Now in Entity Framework 4, we can actually do true eager loading.
EF4 will issue a single query that fetches the data for all the objects in a graph.
This have been possible in other mappers for a long time, but I still think it is awesome that Microsoft have finally listened to the community and created a framework that from what I’ve seen so far, does exactly what we want.

So how do you use eager loading in EF4 ?

Eager loading is activated by calling “ObjectSet[of T].Include(“Details.Product”)”, that is, a dot separated property path.
You can also call include multiple times if you want to load different paths in the same query.

There are also a few attempts out in the blog world to try to make it easier to deal with eager loading, e.g. by trying to remove the untyped string and use lambda expressions instead.

I personally don’t like the lambda approach since you can’t traverse a collection property that way; “Orders.Details.Product” , there is no way to write that as a short and simple lambda.

My own take on this is to use extension methods instead.
I always use eager loading on my aggregates, so I want a simple way to tell my EF context to add the load spans for my aggregates when I issue a query.
(Aggregates are about consistency, and Lazy Load causes consistency issues within the aggregate, so I try to avoid that)

Here is how I create my exstension methods for loading complete aggregates:

public static class ContextExtensions
{
  public static ObjectQuery<Order> 
           AsOrderAggregate(this ObjectSet<Order> self)
  {
    return self
        .Include("Details.ProductSnapshot")
        .Include("CustomerSnapshot");
  }
}

This makes it possible to use the load spans directly on my context without adding anything special to the context itself.
(You can of course add this very same method inside your context if you want, I simply like small interfaces that I can extend from the outside)

This way, you can now issue a query using load spans like this:

var orders = from order in context.OrderSet.AsOrderAggregate()
             select order;

And if you want to make a projection query you can simply drop the “AsOrderAggregate” and fetch what you want.

HTH.

//Roger

Published by Roger Johansson

View all posts by Roger Johansson

15 Comments

wim says:

May 24, 2009 at 5:54 pm

hey,

first of all, I haven’t tried using this. So I don’t know how ‘hard’ it is to replace the string with a lambda, but I think lambda’s are the better approach for one simple reason: compile time evaluation of the expression. spelling mistakes/refactoring of properties can lead to run time errors easily this way.
I like the idea of using extension methods to attach more includes though. that makes the whole think a lot more easy to “bulk” load objects!

Reply
Fred Morrison says:

May 26, 2009 at 12:53 pm

Your example uses too many “magic strings” (no compile-time checking) in the form of “Details.ProductSnapshot” and “CustomerSnapshot”. Until EF4 supports strong typing for eagar loading, I will ignore it.

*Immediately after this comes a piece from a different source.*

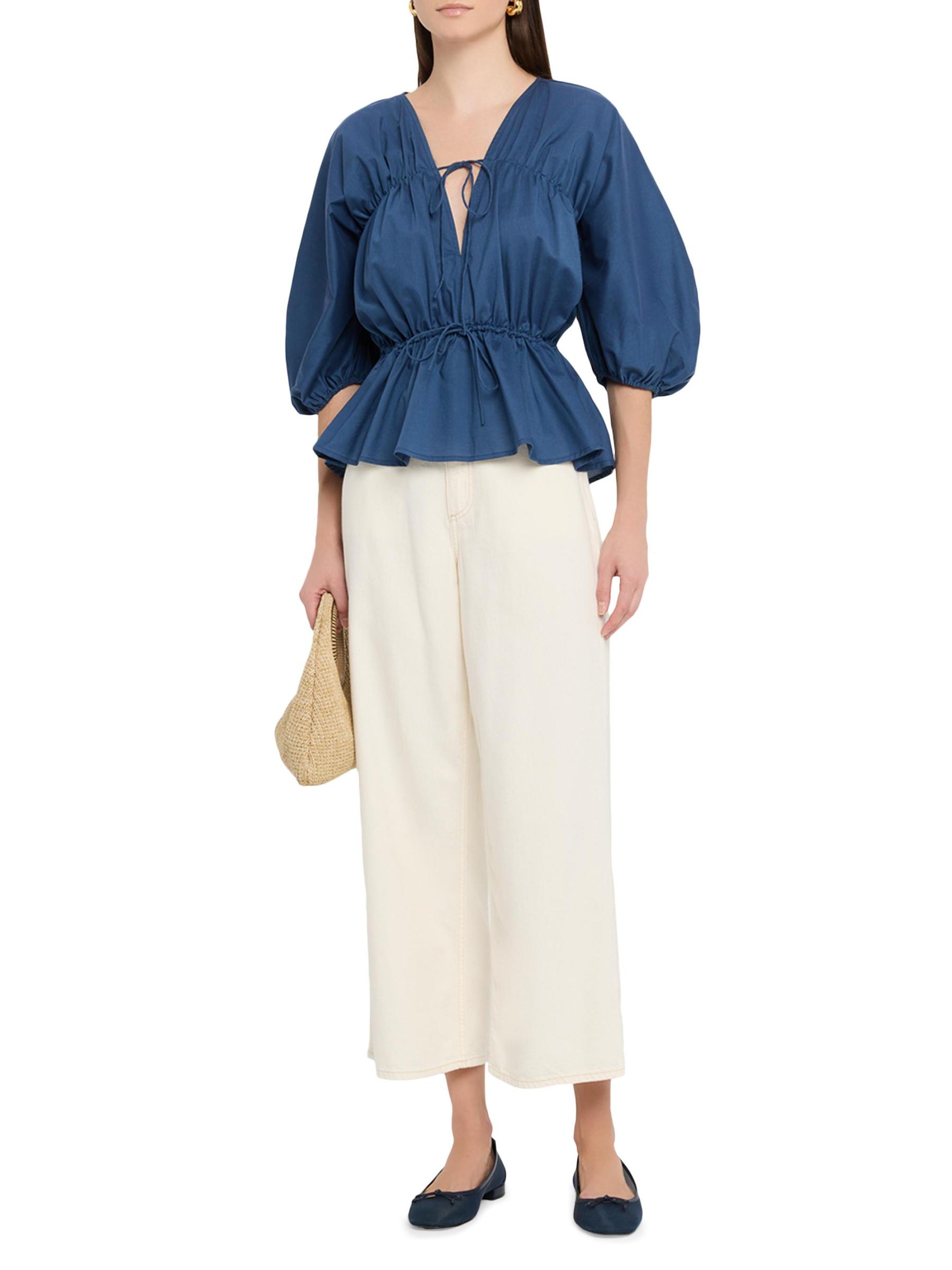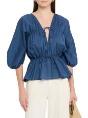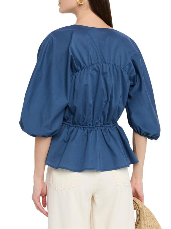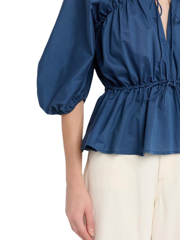 بلوزة Sigrid من Faithfull the Brand مصنوعة من القطن عالي التهوية ومزينة بشكل بيبلوم مع ربطات مزدوجة للشكل.

Please tell me I’m wrong with another example.

Reply
Roger Alsing says:

May 26, 2009 at 1:43 pm

Compile time checks are always nicer than magic strings.
But due to how lambdas work, you CAN’t write a short expression which means the same as “Details.ProductSnapshot”.

Simply because productsnapshot is not a property of the details collection, it is a property of the _content_ of the details collection.

So that would be an invalid C# expression.
And you would have to resort to something like:

.Include(o => o.Details).And(d => d.ProductSnapshot);

That would work, but IMO, it’s ugly like crap and alot worse to write than the short untyped string.

Also, magic strings that cause problems should be found in unit tests.
So as long as you actually have tests, strings are all OK.

Also, you should really think about the options here.

1) Use eager loading and get consistent data

2) Use lazy loading and get data inconsistency due to the fact that data is loaded at different points of time.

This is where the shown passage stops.